● **EXERCISE OBJECTIVE**:
Please repeat each line from the one holding "293期:✨千里情书✨【一尾二码】【7尾主:37,47】开:羊47 准" through the final line of the data, exactly as it stands, with no pictures.

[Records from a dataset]
^^^^^^^^^^^^^^^^

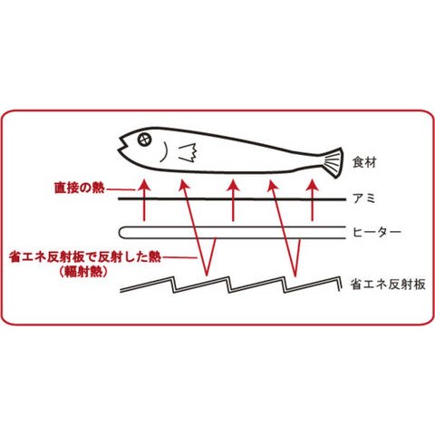 仕様1:材質:本体・反射板・網=鉄(フッ素樹脂加工)、受金具=ステンレス、ヒーター=分離式シーズヒーター、
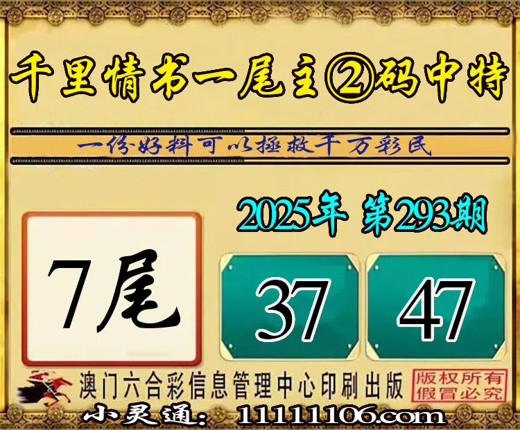 293期:✨千里情书✨【一尾二码】【7尾主:37,47】开:羊47 准
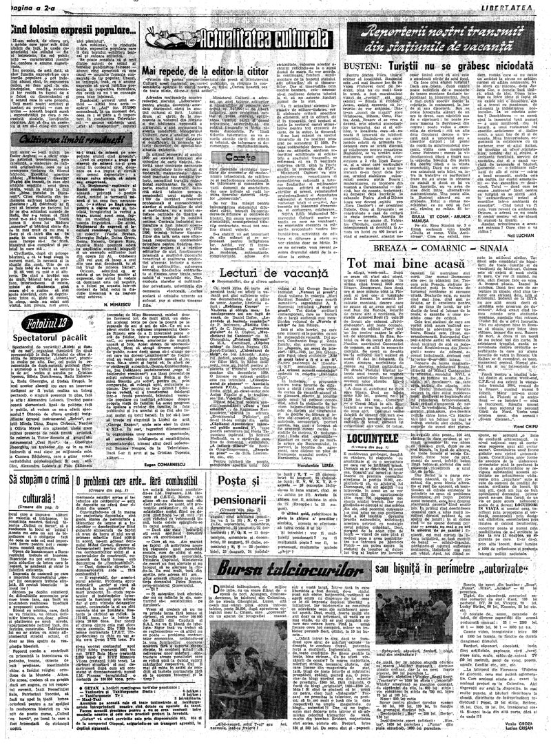 Aşteptăm să fim bombardaţi cu scrisori de la posturile de televiziune din New York, Londra şi Paris pentru a ne solicita preluarea pasionantei secvenţe transmise aseară la „Actualităţi” despre recoltatul şi depozitarea grîului la silozul Banu Mărăcine!
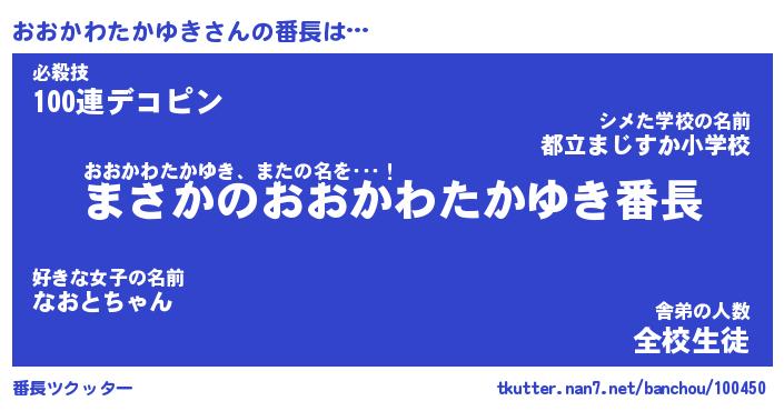 | 伝説のあだ名 | 『伝説のスナイパーおおかわたかゆき』 |
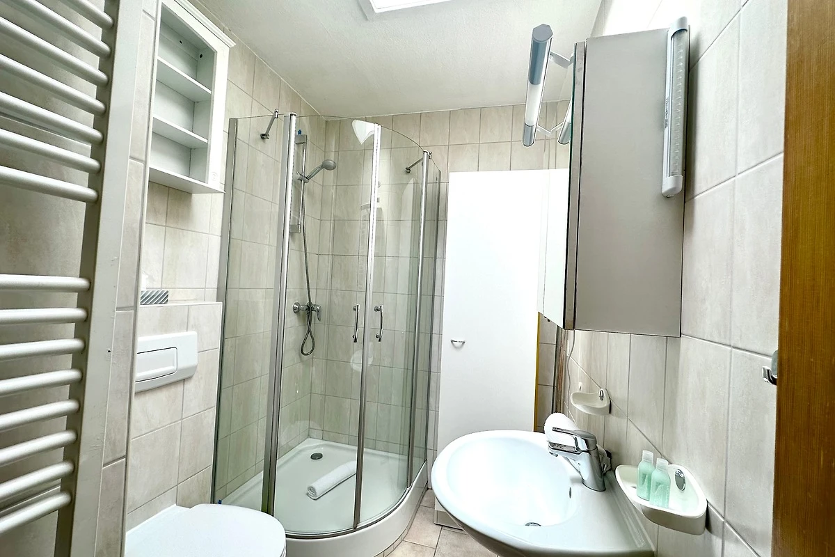 Die Duschabtrennung war undicht und konnte nicht in den 2 Wochen repariert werden. Es fehlte 1 Wäscheständer, der aber sofort nachgeliefert wurde!

^^^^^^^^^^^^^^^^

● **TASK ANSWER**:
 293期:✨千里情书✨【一尾二码】【7尾主:37,47】开:羊47 准
 Aşteptăm să fim bombardaţi cu scrisori de la posturile de televiziune din New York, Londra şi Paris pentru a ne solicita preluarea pasionantei secvenţe transmise aseară la „Actualităţi” despre recoltatul şi depozitarea grîului la silozul Banu Mărăcine!
 | 伝説のあだ名 | 『伝説のスナイパーおおかわたかゆき』 |
 Die Duschabtrennung war undicht und konnte nicht in den 2 Wochen repariert werden. Es fehlte 1 Wäscheständer, der aber sofort nachgeliefert wurde!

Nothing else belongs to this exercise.